WHAT YOU WILL DO –
Give the entries again exactly; drop the pictures.

'''

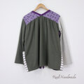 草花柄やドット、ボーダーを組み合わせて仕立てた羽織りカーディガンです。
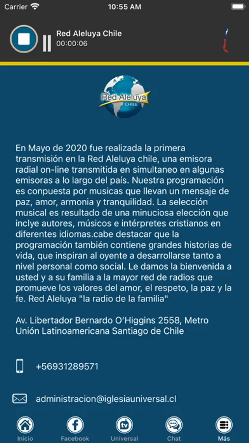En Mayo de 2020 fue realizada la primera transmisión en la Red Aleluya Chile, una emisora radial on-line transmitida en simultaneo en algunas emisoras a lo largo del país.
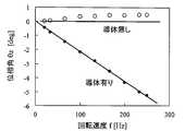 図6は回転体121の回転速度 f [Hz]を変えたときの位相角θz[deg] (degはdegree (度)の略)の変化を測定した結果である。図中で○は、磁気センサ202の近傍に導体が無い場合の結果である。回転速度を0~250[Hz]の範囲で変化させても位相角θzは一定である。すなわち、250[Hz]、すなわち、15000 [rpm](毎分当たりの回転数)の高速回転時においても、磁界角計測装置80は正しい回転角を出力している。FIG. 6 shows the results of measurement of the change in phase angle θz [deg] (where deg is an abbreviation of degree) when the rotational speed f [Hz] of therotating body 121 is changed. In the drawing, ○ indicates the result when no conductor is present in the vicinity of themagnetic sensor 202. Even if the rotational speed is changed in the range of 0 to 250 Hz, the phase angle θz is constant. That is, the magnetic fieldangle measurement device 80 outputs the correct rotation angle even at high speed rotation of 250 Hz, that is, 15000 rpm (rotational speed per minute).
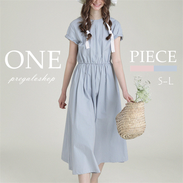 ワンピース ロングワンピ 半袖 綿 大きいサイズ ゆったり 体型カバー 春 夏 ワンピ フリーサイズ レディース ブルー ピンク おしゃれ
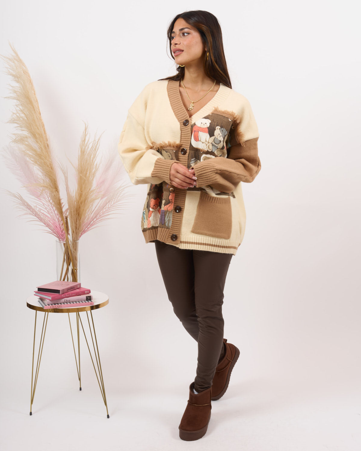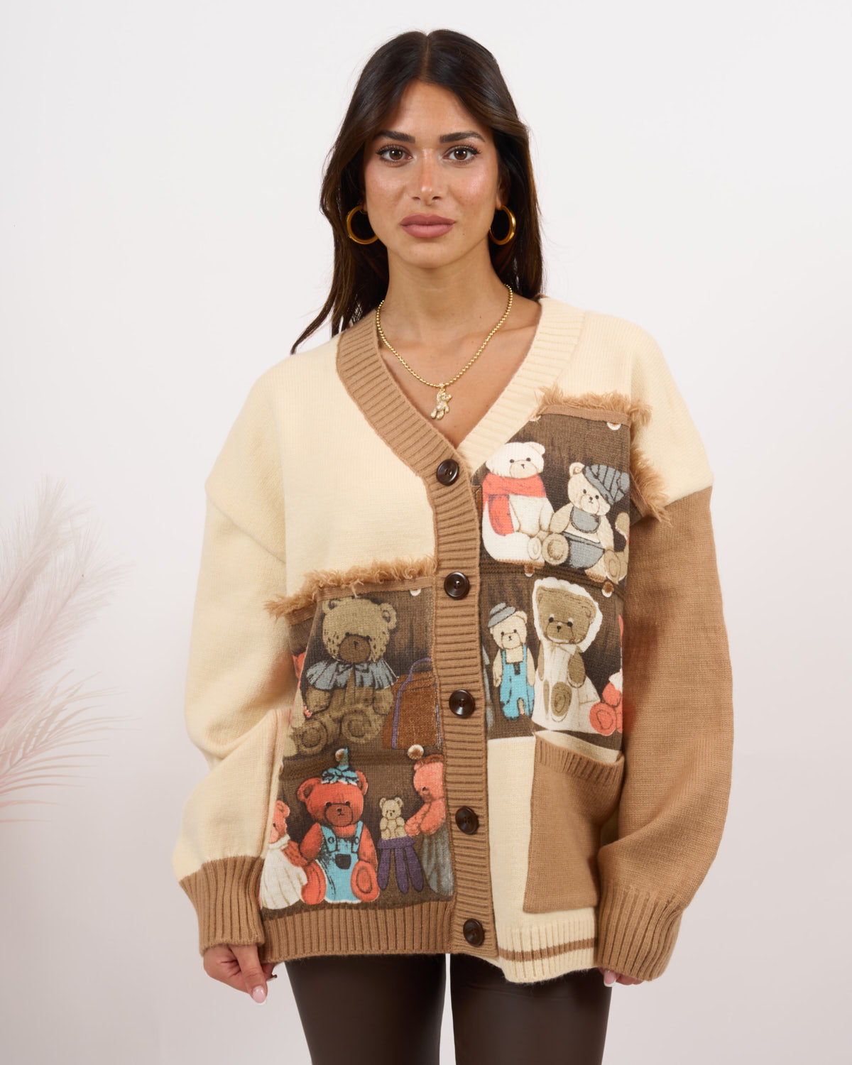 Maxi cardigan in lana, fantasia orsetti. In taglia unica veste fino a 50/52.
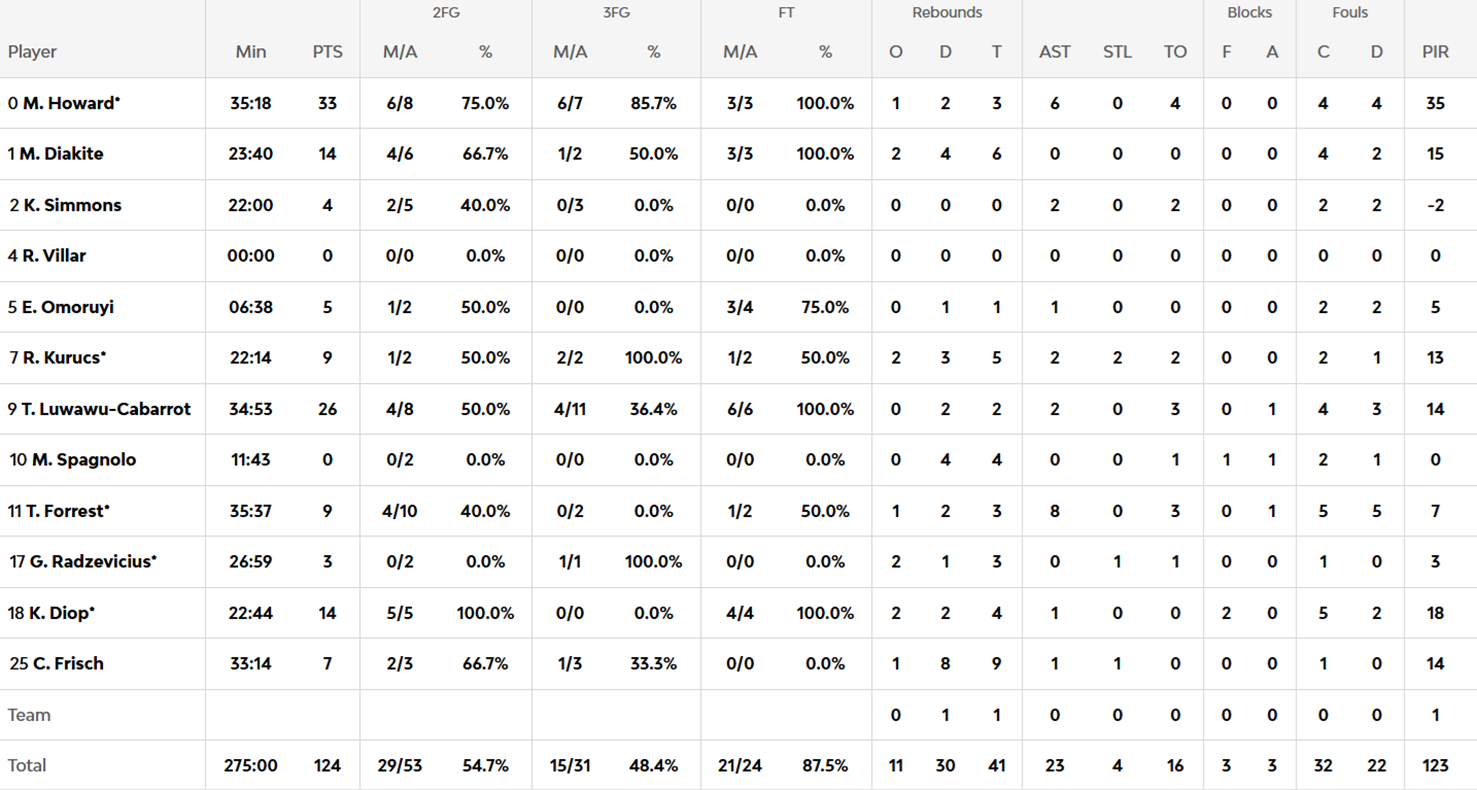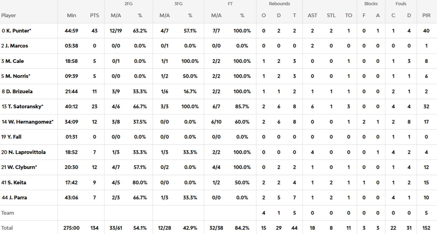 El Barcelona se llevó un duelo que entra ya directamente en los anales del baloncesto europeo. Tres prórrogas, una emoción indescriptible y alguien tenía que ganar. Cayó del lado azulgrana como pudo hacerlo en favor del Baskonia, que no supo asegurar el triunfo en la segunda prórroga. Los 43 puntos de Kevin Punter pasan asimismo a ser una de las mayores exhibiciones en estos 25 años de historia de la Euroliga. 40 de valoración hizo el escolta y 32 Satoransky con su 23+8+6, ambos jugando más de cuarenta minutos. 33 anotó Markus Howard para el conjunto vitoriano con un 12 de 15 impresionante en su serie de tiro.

'''

ANSWER TO THIS EXERCISE –
 草花柄やドット、ボーダーを組み合わせて仕立てた羽織りカーディガンです。
En Mayo de 2020 fue realizada la primera transmisión en la Red Aleluya Chile, una emisora radial on-line transmitida en simultaneo en algunas emisoras a lo largo del país.
 図6は回転体121の回転速度 f [Hz]を変えたときの位相角θz[deg] (degはdegree (度)の略)の変化を測定した結果である。図中で○は、磁気センサ202の近傍に導体が無い場合の結果である。回転速度を0~250[Hz]の範囲で変化させても位相角θzは一定である。すなわち、250[Hz]、すなわち、15000 [rpm](毎分当たりの回転数)の高速回転時においても、磁界角計測装置80は正しい回転角を出力している。FIG. 6 shows the results of measurement of the change in phase angle θz [deg] (where deg is an abbreviation of degree) when the rotational speed f [Hz] of therotating body 121 is changed. In the drawing, ○ indicates the result when no conductor is present in the vicinity of themagnetic sensor 202. Even if the rotational speed is changed in the range of 0 to 250 Hz, the phase angle θz is constant. That is, the magnetic fieldangle measurement device 80 outputs the correct rotation angle even at high speed rotation of 250 Hz, that is, 15000 rpm (rotational speed per minute).
 ワンピース ロングワンピ 半袖 綿 大きいサイズ ゆったり 体型カバー 春 夏 ワンピ フリーサイズ レディース ブルー ピンク おしゃれ
 Maxi cardigan in lana, fantasia orsetti. In taglia unica veste fino a 50/52.
 El Barcelona se llevó un duelo que entra ya directamente en los anales del baloncesto europeo. Tres prórrogas, una emoción indescriptible y alguien tenía que ganar. Cayó del lado azulgrana como pudo hacerlo en favor del Baskonia, que no supo asegurar el triunfo en la segunda prórroga. Los 43 puntos de Kevin Punter pasan asimismo a ser una de las mayores exhibiciones en estos 25 años de historia de la Euroliga. 40 de valoración hizo el escolta y 32 Satoransky con su 23+8+6, ambos jugando más de cuarenta minutos. 33 anotó Markus Howard para el conjunto vitoriano con un 12 de 15 impresionante en su serie de tiro.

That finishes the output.